=== Data section ===
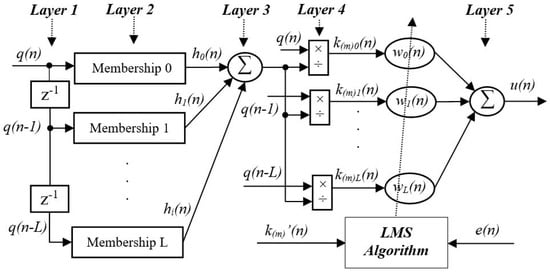 The specific ANFN controller and the LMS algorithm used to update the weights of the ANFN controller are shown in Figure 4, which can be described by the signal propagation through five layers. The solution for online updating network weights is determined using the FxLMS method, following a nonlinear adaptive mechanism. As shown in Figure 4, denoting as the component of layer g, the computation of each layer is given as follows:
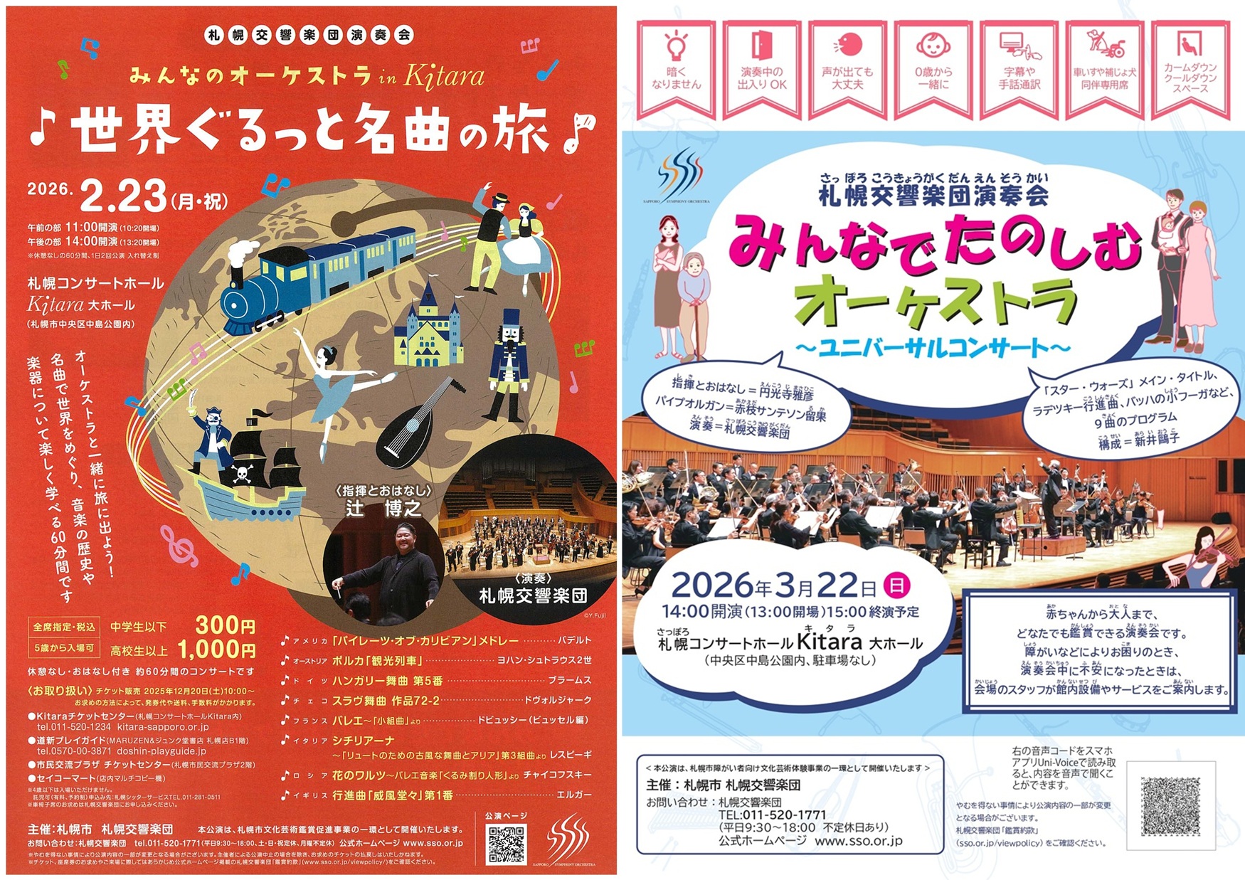 ・プレイガイド:Kitaraチケットセンターのみ(車いす、補じょ犬同伴席は、札幌交響楽団へお申し込みください)
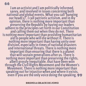 Brenda Grace de Jong is the author of several short stories and pieces of flash fiction, along with her recently published book, "My Name is Elpee: A Trilogy". Ms. de Jong holds an M.S. degree in Human Services Leadership and Management and has worked with populations that include: victims of domestic violence, substance abusers, people affected by mental illness, individuals with HIV/AIDS and nursing homes residents desiring to return to the community. With a minor in Women's Studies, Brenda has, for several years, set about the task of mentoring women in various capacities, especially in the areas of education and empowerment. As a devout student of the Universe, Ms. de Jong maintains a daily vigil of sustaining and furthering her spirituality, especially within nature. She is an avid barefoot, tree-hugging, candle-lighting, ceremonialist, who conducts full-moon, solstice and equinox ceremonies, individually and with groups on Long Island and at her home on Fire Island. Having lived both a very conventional existence followed by an unorthodox and checkered lifestyle, Ms. de Jong has been known, over a cup of tea, to share some of her secrets with certain people; other secrets, however, she will simply smile while thinking about, but will discuss only with those who helped make those stories. You can connect with her on Facebook, LinkedIn, and about.me. View all posts by cherrycottagefi
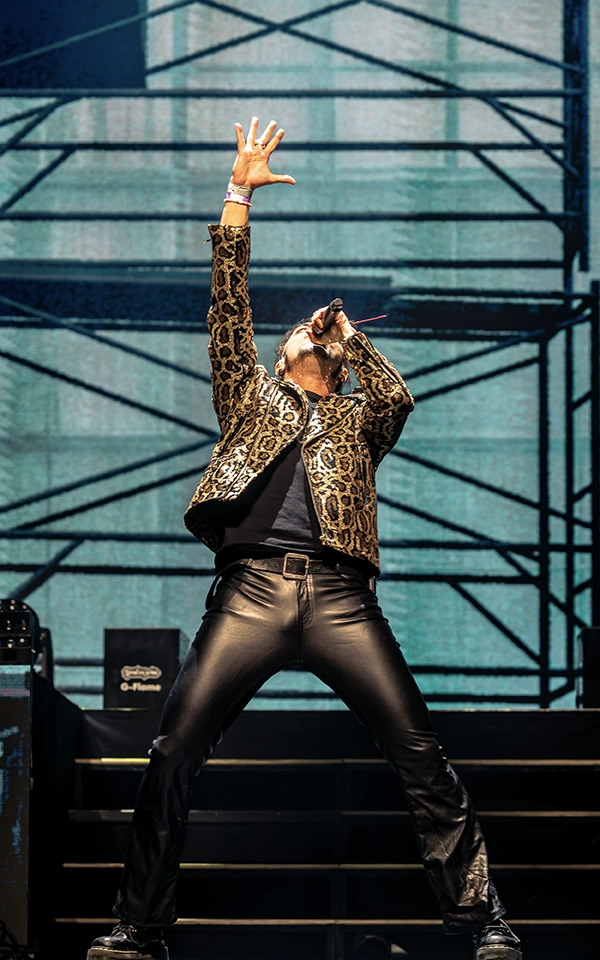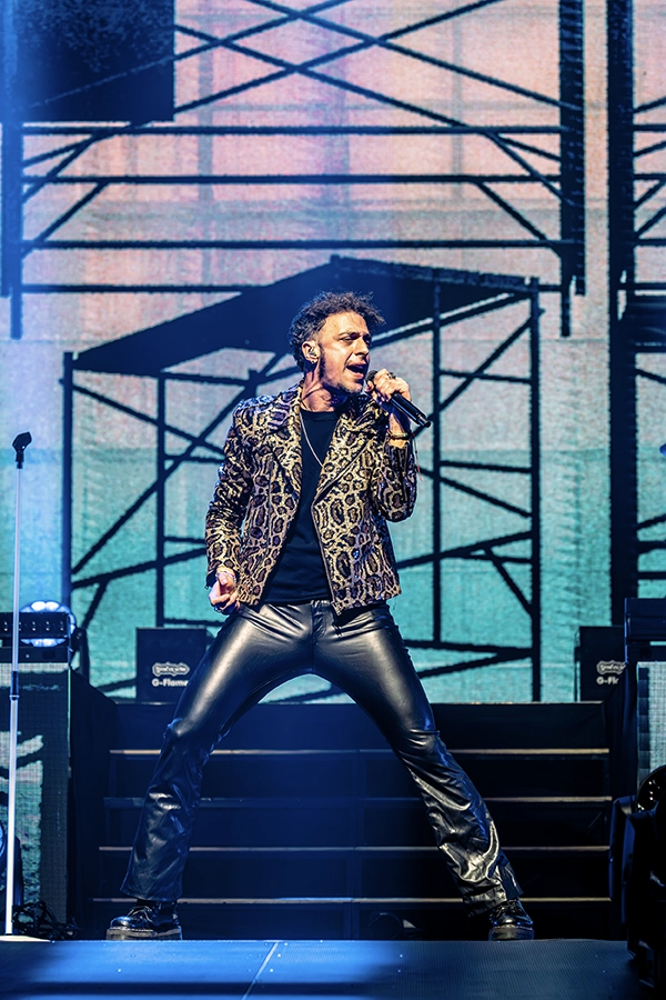 Huelga decir —y no es ninguna exageración— que es fácil acudir al concierto con cierta reticencia a la hora de enfrentarse a su sonido. El cambio generacional es real: algunos códigos semánticos, narrativos y atmosféricos resultan poco accesibles, en una primera capa, para quienes crecieron entre redes sociales y no entre páginas amarillas. No se trata de un rechazo a la propuesta en sí, que siempre debe encararse desde la curiosidad y la disposición al descubrimiento, sino de la distancia natural que existe frente a un imaginario cargado de símbolos y formas propias de otra época. Aun así, esos mismos códigos se traducen en escena en un performance sólido, intenso y cargado de adrenalina.
===
▸ The problem: Set down the material exactly as given, but print none of the pictures.

▸ Exercise result:
 The specific ANFN controller and the LMS algorithm used to update the weights of the ANFN controller are shown in Figure 4, which can be described by the signal propagation through five layers. The solution for online updating network weights is determined using the FxLMS method, following a nonlinear adaptive mechanism. As shown in Figure 4, denoting as the component of layer g, the computation of each layer is given as follows:
 ・プレイガイド:Kitaraチケットセンターのみ(車いす、補じょ犬同伴席は、札幌交響楽団へお申し込みください)
 Brenda Grace de Jong is the author of several short stories and pieces of flash fiction, along with her recently published book, "My Name is Elpee: A Trilogy". Ms. de Jong holds an M.S. degree in Human Services Leadership and Management and has worked with populations that include: victims of domestic violence, substance abusers, people affected by mental illness, individuals with HIV/AIDS and nursing homes residents desiring to return to the community. With a minor in Women's Studies, Brenda has, for several years, set about the task of mentoring women in various capacities, especially in the areas of education and empowerment. As a devout student of the Universe, Ms. de Jong maintains a daily vigil of sustaining and furthering her spirituality, especially within nature. She is an avid barefoot, tree-hugging, candle-lighting, ceremonialist, who conducts full-moon, solstice and equinox ceremonies, individually and with groups on Long Island and at her home on Fire Island. Having lived both a very conventional existence followed by an unorthodox and checkered lifestyle, Ms. de Jong has been known, over a cup of tea, to share some of her secrets with certain people; other secrets, however, she will simply smile while thinking about, but will discuss only with those who helped make those stories. You can connect with her on Facebook, LinkedIn, and about.me. View all posts by cherrycottagefi
 Huelga decir —y no es ninguna exageración— que es fácil acudir al concierto con cierta reticencia a la hora de enfrentarse a su sonido. El cambio generacional es real: algunos códigos semánticos, narrativos y atmosféricos resultan poco accesibles, en una primera capa, para quienes crecieron entre redes sociales y no entre páginas amarillas. No se trata de un rechazo a la propuesta en sí, que siempre debe encararse desde la curiosidad y la disposición al descubrimiento, sino de la distancia natural que existe frente a un imaginario cargado de símbolos y formas propias de otra época. Aun así, esos mismos códigos se traducen en escena en un performance sólido, intenso y cargado de adrenalina.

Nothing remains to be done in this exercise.